Zhicheng Dou

窦志成

Zhicheng Dou is a professor at School of Information, Renmin University of China since September 2014. He received his Ph.D. and B.S. degrees in computer science and technology from the Nankai University in 2008 and 2003, respectively. After getting his Ph.D. degree, he worked at Microsoft Research as a researcher for more than six years (from July 2008 to September 2014). His research interests include Information Retrieval, Search Engine, Web Data Mining, and Big Data Analysis. Zhicheng Dou is not a pure research guy - besides writing papers, he also enjoys writing codes to convert cool ideas into real systems.
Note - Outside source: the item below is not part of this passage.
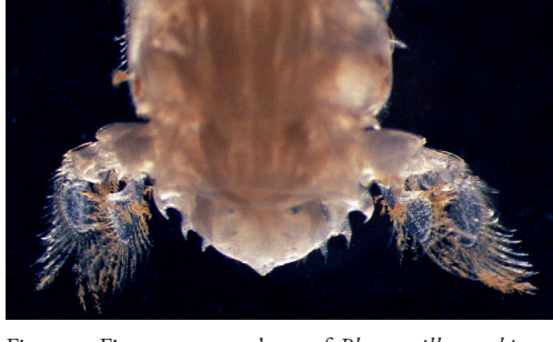
Figure 3. First two appendages of Platysquilla eusebia including the raptorial claw (below) covered with spines with which it 'spears' its prey. Figure 3. Voorste twee klauwen van Platysquilla eusebia . De dieren gebruiken de vangklauw (onderste) met vele lange stekels om prooien te doorboren.

prey that happen to wander along its burrow. The present record in 2005 is the first record of a settled specimen in the North Sea and thereby the northernmost record in Europe. As no other specimens have been recorded during the surveys in the North Sea since 2005, it remains unclear whether a population of the species has established itself. At present many changes occur in marine benthic communities because of climate change and human activies like ballast water discharge. Recently new tools like DNA profiling contribute to the discovery of new species in the North Sea.

窦志成博士于2003年和2008年分别获得南开大学计算机学士和博士学位,2008年博士毕业后就职于微软亚洲研究院,任研究员。 2014年9月份加入中国人民大学,任特别研究员。主要研究兴趣为信息检索、互联网搜索、数据挖掘,大数据等。 目前已在国际知名会议和学术期刊上(如SIGIR、WWW、CIKM、WSDM、EMNLP及IEEE TKDE等)发表论文20余篇。 他于2013年获得国际信息检索大会(SIGIR2013)最佳论文提名奖,2012年获得亚洲信息检索大会(AIRS 2012)最佳论文奖。 担任过多个国际学术会议(如SIGIR、WWW、KDD、WSDM、CIKM)的程序委员会成员。 是日本国立情报学研究所(NII)信息检索评测会议(NTCIR)Intent-2任务和IMINE任务的组织者之一。 目前是亚洲信息检索协会筹划指导委员会(AIRS Steering Committee)成员、美国ACM学会、IEEE会员,中国计算机学会会员,中国计算机学会大数据专家委员会通讯委员、中文信息学会信息检索专委会通讯委员、中文信息学会信息检索专委会学术工作组成员、中国中文信息学会青年工作委员会委员、中国人工智能学会智能服务专委会委员。
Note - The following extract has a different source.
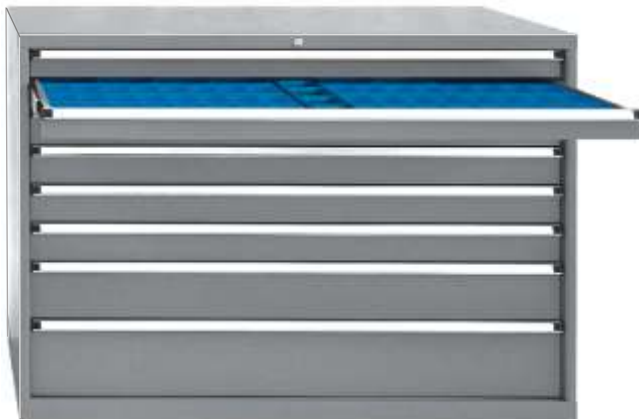
Drawer containers Used in tool cabinets

除研究工作外,窦志成博士乐于将研究想法实现成可运行的系统。 在亚洲研究院任职期间,他参与了多个项目的开发, 如WebStudioProjectQ、 和 WebSensor等。 他拥有多项专利,参与研发的多项技术已经成功转化到微软产品中(如必应搜索Bing和Office)。 窦志成博士还设计并开发了“时事探针”系统,在网络大数据感知和实时多维分析等技术上具有国际领先性。
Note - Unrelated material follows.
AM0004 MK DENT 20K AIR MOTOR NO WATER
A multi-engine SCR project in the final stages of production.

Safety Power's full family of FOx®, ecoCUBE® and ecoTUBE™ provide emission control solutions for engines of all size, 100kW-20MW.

Information Retrieval Web Search Data Mining Big Data
信息检索 互联网搜索 数据挖掘 大数据

Recent Publications

  • Xiaojie Wang, Zhicheng Dou, Tetsuya Sakai, and Ji-Rong Wen. Evaluating Search Result Diversity using Intent Hierarchies. In Proceedings of SIGIR, 2016.
  • Zhicheng Dou, Zhengbao Jiang, Sha Hu, Ji-Rong Wen, Ruihua Song: Automatically Mining Facets for Queries from Their Search Results. IEEE Trans. Knowl. Data Eng. (TKDE) 28(2):385-397 (2016)
  • Sha Hu, Zhicheng Dou, Xiaojie Wang, Tetsuya Sakai, and Ji-Rong Wen. 2015. Search Result Diversification Based on Hierarchical Intents. In Proceedings of the 24th ACM International on Conference on Information and Knowledge Management (CIKM '15). ACM, New York, NY, USA, 63-72.

News

  • AIRS 2016: The Twelfth AIRS (AIRS 2016) will be hosted by the Chinese Information Processing Society of China and co-organized by Tsinghua University and Renmin University of China. I serve as the general co-chair.
  • Datasets for Hierachical Search Result Diversification and Evaluation was released: Diversification , Evaluation

Search Result Diversification

Studies show that the vast majority of queries to search engines are short and vague in specifying a user’s intent. Different users may have completely different information needs and goals when using precisely the same query. For example, User A is finding information about Apply Company by issuing a query "apple,", while User B is finding information related to fruit apple using the same query. When such a query is issued, search engines will return a list of documents that mix different topics. It takes time for a user to choose which information he/she wants. Search Result Diversification is an effective way to solve this problem. It provides a list of results that cover as many aspects as possible, so that most users can be satisfied by the top results.

Query Facet/Dimension Mining

We address the problem of finding multiple groups of words or phrases that explain the underlying query facets, which we refer to as query dimensions/facets. We assume that the important aspects of a query are usually presented and repeated in the query’s top retrieved documents in the style of lists, and query facets can be mined out by aggregating these significant lists.